When any filmmaker with a well-received first film heads into their next project, the threat of the sophomore slump has to weigh heavily on their heads. Joe Begos' first film, Almost Human, was a lovingly crafted homage to the low-budget films of the 1980's and while The Mind's Eye, his follow-up feature, doesn't step backward, there is no real forward motion either. Instead of the sophomore slump, The Mind's Eye is more of a sophomore stasis, a film that simply repeats the low-fi charms of Begos' debut.
Graham Skipper stars as Zack, a psychokinetic drifter who ends up arrested after an altercation with an aggressive pair of cops. He's released into the custody of Dr. Slovak (John Speredakos), who takes Zack to a secretive facility where he's studying other psychokinetic people - including Rachel (Lauren Ashley Carter), one of Zack's oldest friends. Once Zack realizes the sinister Slovak intends to harvest their powers for his own gain, he and Rachel mount an escape.
The Mind's Eye is every bit as sincere and affectionate an homage as Almost Human was, full of winking moments and a memorable synth-heavy score from Steve Moore. However, where it really shines is in its gushy practical effects, and for a film that ultimately boils down to two guys staring at each other until one of their heads explodes, that's pivotal. Every combusting cranium or splatter of viscera is appropriately disgusting and calibrated for maximum audience satisfaction.
Along with glorious bits of gore, Begos displays some keen visual skill, staging a number of atmospheric moments including a neon-bathed sex scene or a fiery showdown in the snow. Where he falls short is making the film more than the sum of its parts, and while there's something to be said for efficiency, the potential he showed in his first film goes no further here.

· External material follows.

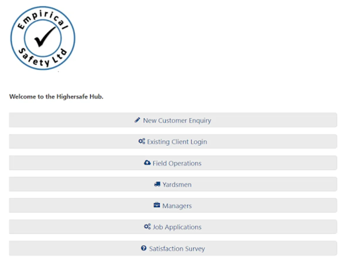 Empirical Safety offer a bespoke modular Health & Safety Management System (HSMS) tailored to individual clients. Example modules include online risk assesment and method statement (RAMS) deployment. Toolbox talk and safety alert cascade. Equipment or vehicle pre-use checksheet. Permit to work / high risk permit management. Autonomous check sheets and more.
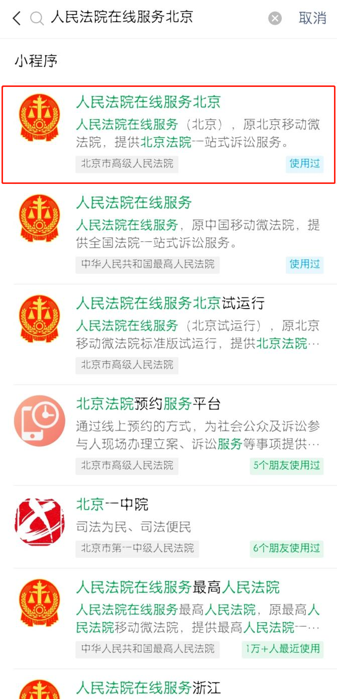 1.使用微信,搜索小程序【人民法院在线服务北京】。

While Begos is skilled at evoking a very specific time period in his work, he's not quite able to get his actors on the same wavelength. Graham Skipper is quietly effective as Zack and Lauren Ashley Carter does her best with a thin character in Rachel, but the actors playing the villainous characters make more of an impression.
Noah Segan and Michael A. LoCicero both turn in unnerving, intense performances as Slovak's henchmen, but John Speredakos' work as the nefarious doctor is the film's weakest element. The cheesier the scene, the hammier Speredakos plays it, and his over-the-top performance is the only element of The Mind's Eye that feels more like a negative byproduct of the films it's evoking than an homage to them.
Ultimately, The Mind's Eye is exactly what it wants to be: a cheesy homage to the 80's with some glorious gore effects. While it's hard to fault Begos for staying in his comfort zone, his sophomore effort feels stale, and hopefully his next film is able to find a better balance between his undeniable eye for viscerally satisfying moments and his budding directorial voice.